Top of THE DATA
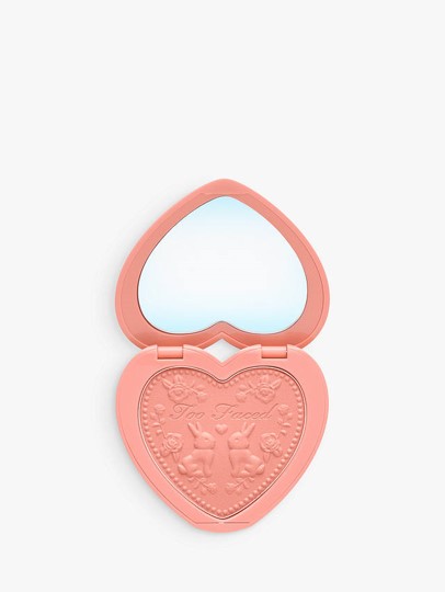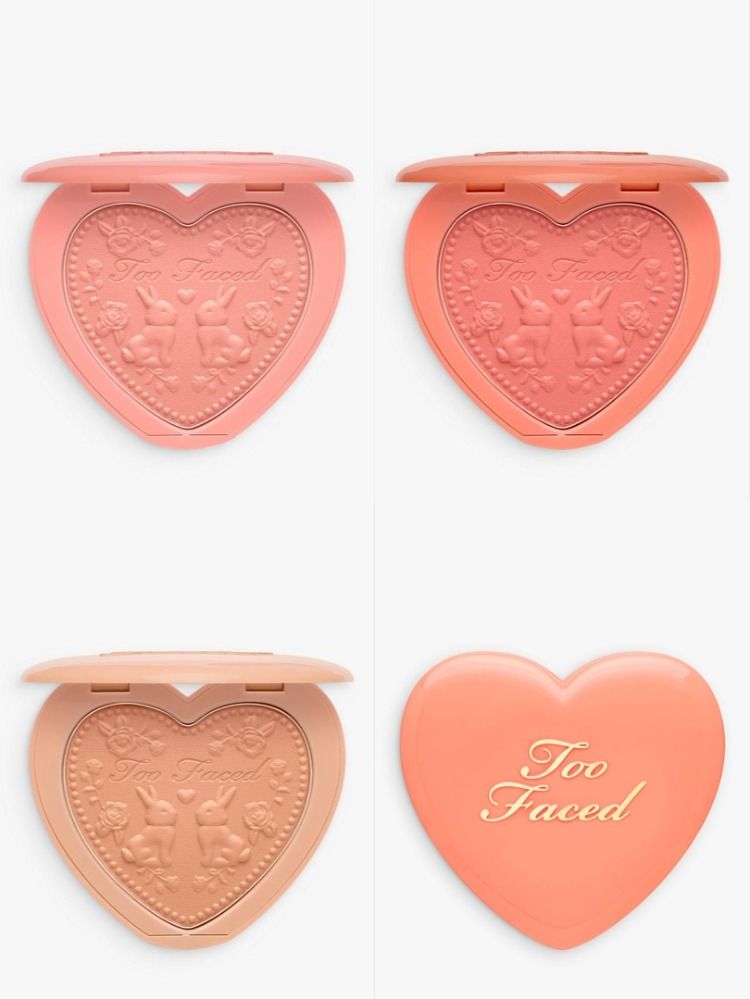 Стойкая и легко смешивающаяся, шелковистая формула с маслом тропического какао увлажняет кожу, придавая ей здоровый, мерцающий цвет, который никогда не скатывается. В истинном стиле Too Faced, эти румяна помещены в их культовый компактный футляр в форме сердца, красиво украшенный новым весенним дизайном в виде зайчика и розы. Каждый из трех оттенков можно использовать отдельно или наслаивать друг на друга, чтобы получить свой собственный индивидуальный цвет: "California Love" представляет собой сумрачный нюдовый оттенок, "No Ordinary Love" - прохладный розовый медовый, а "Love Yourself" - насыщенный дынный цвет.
Bottom of THE DATA
Top of THE DATA
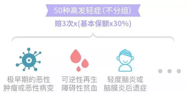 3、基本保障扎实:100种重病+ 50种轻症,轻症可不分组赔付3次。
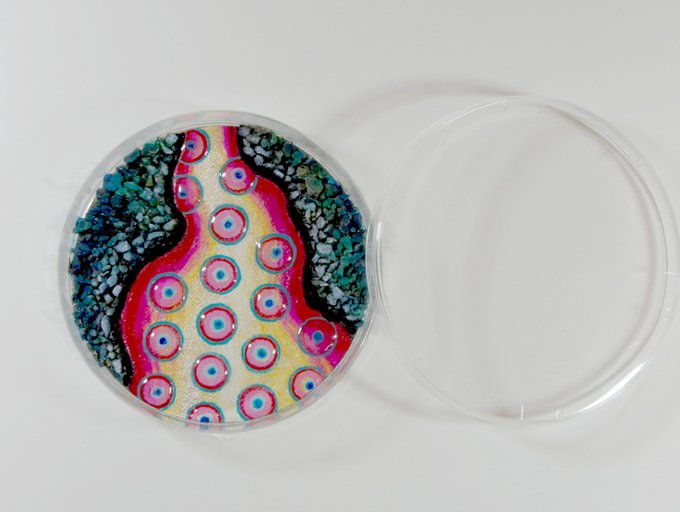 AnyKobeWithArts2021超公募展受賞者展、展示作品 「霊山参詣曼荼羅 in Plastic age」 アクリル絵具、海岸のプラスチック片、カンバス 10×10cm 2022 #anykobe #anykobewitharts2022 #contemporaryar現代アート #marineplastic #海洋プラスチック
Bottom of THE DATA
- [ASSIGNED TASK] Print everything from the line with "3、基本保障扎实:100种重病+ 50种轻症,轻症可不分组赔付3次。" down to the line with "AnyKobeWithArts2021超公募展受賞者展、展示作品 「霊山参詣曼荼羅 in" in the entries above, both lines included and nothing more, without the pictures.

- [SOLUTION FOR THIS TASK]
 3、基本保障扎实:100种重病+ 50种轻症,轻症可不分组赔付3次。
 AnyKobeWithArts2021超公募展受賞者展、展示作品 「霊山参詣曼荼羅 in Plastic age」 アクリル絵具、海岸のプラスチック片、カンバス 10×10cm 2022 #anykobe #anykobewitharts2022 #contemporaryar現代アート #marineplastic #海洋プラスチック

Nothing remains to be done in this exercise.